Mark Your Tax Calendar!

July 16 — If the monthly deposit rule applies, employers must deposit the tax for payments in June for Social Security, Medicare, withheld income tax, and nonpayroll withholding.

July 31 — If you have employees, a federal unemployment tax (FUTA) deposit is due if the FUTA liability through June exceeds $500.

  • The second quarter Form 941 (“Employer’s Quarterly Federal Tax Return”) is also due today. (If your tax liability is less than $2,500, you can pay it in full with a timely filed return.) If you deposited the tax for the quarter in full and on time, you have until August 10 to file the return.

August 15 — If the monthly deposit rule applies, employers must deposit the tax for payments in July for Social Security, Medicare, withheld income tax, and nonpayroll withholding.

September 15 — Third quarter estimated tax payments are due for individuals, trusts, and calendar-year corporations.

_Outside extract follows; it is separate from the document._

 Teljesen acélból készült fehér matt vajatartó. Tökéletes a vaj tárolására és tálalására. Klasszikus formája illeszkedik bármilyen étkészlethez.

  • If a six-month extension was obtained, partnerships should file their 2017 Form 1065 by this date.
  • If a six-month extension was obtained, calendar-year S corporations should file their 2017 Form 1120S by this date.
  • If the monthly deposit rule applies, employers must deposit the tax for payments in August for Social Security, Medicare, withheld income tax, and nonpayroll withholding.

Retirement Plan Options for Business Owners

As a business owner, you may have most of your money tied up in your company — making saving for retirement especially challenging. If you haven’t already set up a tax-advantaged retirement plan, think about setting one up this year.

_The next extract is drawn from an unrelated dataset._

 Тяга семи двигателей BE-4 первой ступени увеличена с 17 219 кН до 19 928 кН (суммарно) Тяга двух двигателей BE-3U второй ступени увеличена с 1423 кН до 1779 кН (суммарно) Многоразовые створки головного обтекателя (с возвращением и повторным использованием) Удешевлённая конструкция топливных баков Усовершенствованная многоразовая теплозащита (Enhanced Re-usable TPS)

Keep in mind that, if you have employees, they generally must be allowed to participate in the plan, provided they work enough hours and meet other qualification requirements. Here are a few options to consider:

Profit-sharing plans. This is a defined contribution plan that allows discretionary employer contributions and flexibility in plan design. You can make deductible 2018 contributions as late as the due date of your 2018 income tax return, including extensions — provided your plan existed on December 31, 2018.

Simplified Employee Pensions (SEPs). A SEP is a defined contribution plan that provides benefits like those of a profit-sharing plan. But you can establish a SEP in one year and still make deductible contributions as late as the due date of your income tax return for the previous year, including extensions. Another benefit is that a SEP is easier to administer than a profit-sharing plan.

Defined benefit plans. This plan sets a future pension benefit and then actuarially calculates the contributions needed to attain that benefit. The maximum annual benefit generally is $220,000 for 2018 (up from $215,000 for 2017) — or 100% of average earned income for the highest three consecutive years, if less. Because it’s actuarially driven, the contribution needed to attain the projected future annual benefit may exceed the maximum contributions allowed by other plans, depending on your age and the desired benefit.

You can make deductible 2018 contributions until the due date of your 2018 income tax return, including extensions — provided your plan existed on December 31, 2018. Warning: Employer contributions are generally required and must be paid quarterly if there was a shortfall in funding for the prior year.